Footnote 2: Microsoft Windows users can try George Garner's port of dd to capture physical memory [GARNER 2003].

The memdump program was written to avoid such problems (it can be found at the book's website.) It was designed to disturb memory as little as possible and use a minimum of memory when running.

Using memdump, Solaris' ability to save memory without rebooting, or any other method to save memory to disk, is not without forensic flaws. Writing the data to any device - swap, unused, or one containing a file system - can potentially compromise forensic data. Perhaps the best solution - and the one we recommend - is to use the network as a storage facility. While there will be some memory agitation, you can try to keep it to a minimum. Red Hat Linux, for instance, introduced a network version of a crash dump facility [REDHAT] that runs on their advanced server that sends the memory dump over the network rather than saving it to the local disk. Simply using a good capture method with a tool like netcat can provide a reasonable way of saving the memory of a running computer:

solaris # memdump | nc receiver 666

Unless on a trusted LAN this would ideally be piped through a program that would encrypt the data, or perhaps sent through an encrypted tunnel (e.g. ssh), as the memory dump could contain sensitive information (see chapter 4, "File System Analysis", for more on this.)

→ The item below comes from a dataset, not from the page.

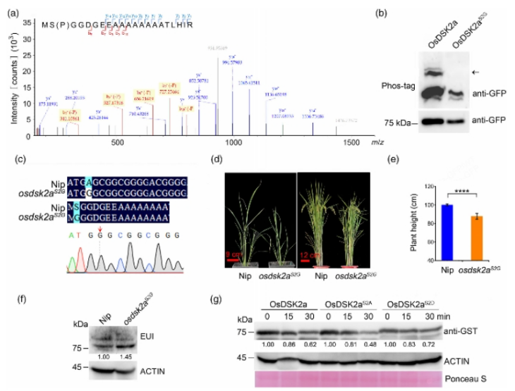 Plants grow rapidly for maximal production under optimal conditions; however, they adopt a slower growth strategy to maintain survival when facing environmental stresses. As salt stress restricts crop architecture and grain yield, identifying genetic variations associated with growth and yield responses to salinity is critical for breeding optimal crop varieties. OsDSK2a is a pivotal modulator of plant growth and salt tolerance via the modulation of gibberellic acid (GA) metabolism; however, its regulation remains unclear. Here, we showed that OsDSK2a can be phosphorylated at the second amino acid (S2) to maintain its stability. The gene-edited mutant osdsk2aS2G showed decreased plant height and enhanced salt tolerance. SnRK1A modulated OsDSK2a-S2 phosphorylation and played a substantial role in GA metabolism. Genetic analysis indicated that SnRK1A functions upstream of OsDSK2a and affects plant growth and salt tolerance. Moreover, SnRK1A activity was suppressed under salt stress, resulting in decreased phosphorylation and abundance of OsDSK2a. Thus, SnRK1A preserves the stability of OsDSK2a to maintain plant growth under normal conditions, and reduces the abundance of OsDSK2a to limit growth under salt stress. Haplotype analysis using 3 K-RG data identified a natural variation in OsDSK2a-S2. The allele of OsDSK2a-G downregulates plant height and improves salt-inhibited grain yield. Thus, our findings revealed a new mechanism for OsDSK2a stability and provided a valuable target for crop breeding to overcome yield limitations under salinity stress.

Side bar: The Quick-and-Dirty Way to Capture Memory

While we advocate using a special-purpose program like memdump you might run into a situation where you don't have or have turned off access to the Internet after an incident, fear the disturbance of downloading a program and compiling it, or perhaps don't even have a working compiler installed. In those situations you may capture a goodly amount of raw memory from a computer by using a simple program that cycles over its memory address space one memory page at a time.

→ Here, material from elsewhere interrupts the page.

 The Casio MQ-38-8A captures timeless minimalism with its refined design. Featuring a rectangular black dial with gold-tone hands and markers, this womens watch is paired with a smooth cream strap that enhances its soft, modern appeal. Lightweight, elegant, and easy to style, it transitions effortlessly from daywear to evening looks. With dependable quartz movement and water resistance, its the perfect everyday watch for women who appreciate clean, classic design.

And while Perl and other scripting languages don't have particularly small memory footprints (and thus destroy some memory when run), this Perl program illustrates how a few lines of code can capture most of a computer's memory.

#!/usr/local/bin/perl -s
#
# Open /dev/mem or /dev/kmem and read page sized chunks.
# Ignore errors, just seek and read 1 page at a time.
#
#       Usage: $0 [-k] N
#
# Where "N" is the number of pages to read.  The -k flag tells
# it to read from kmem (dangerous!), else it reads /dev/mem.
#

$page_length = 4096;		# some pages are longer...
$ARGV[0] = "262144" unless $#ARGV >= 0;   # get one GB of memory
if ($k) { $MEMORY = "/dev/kmem"; }
else    { $MEMORY = "/dev/mem"; }

die "Can't open $MEMORY\n" unless open(MEMORY, $MEMORY);

# for this many megabytes of data
for $n (0..($ARGV[0]-1)) {
        $position = $n * $page_length;
        seek(MEMORY,$position,0);
        if (($bytes_read = sysread(MEMORY, $page, $page_length))) {
        	print $page;
		$total_bytes_read += $bytes_read;
		}
        }

warn "successfully read $total_bytes_read bytes from $MEMORY\n";

This program can then be used with Netcat to send the memory to a waiting remote system (in this case, "receiver".)

freebsd # ./dump-mem.pl 512 | nc -w 5 receiver 
successfully read 536870912 bytes
freebsd #

Swap space

We've already seen how to find the swap devices of a system (in the "Capturing Memory" section), and it is the easiest type of memory to copy of them all - simply cat or dd the device or file in question. Again, writing it to the network (via netcat or other means) is the preferred method of saving the results.

Other memory locations

System peripherals (graphics boards, disk drives, etc.) often have memory, and sometimes in large quantities. If they show up as a device in the file system (most often in the /dev directory) then simply using cat(1) can be enough to capture the memory. Unfortunately this isn't the norm, as almost every device uses a different method to access and store memory. Alas, it is outside the scope of this book about how to retrieve such device memory.

It's fairly simple to use peripheral memory to stash data or programs. Michal Schulz wrote an article [SCHULZ, 2002] about how to use a video card's unused memory to create a UNIX file system as a RAM disk.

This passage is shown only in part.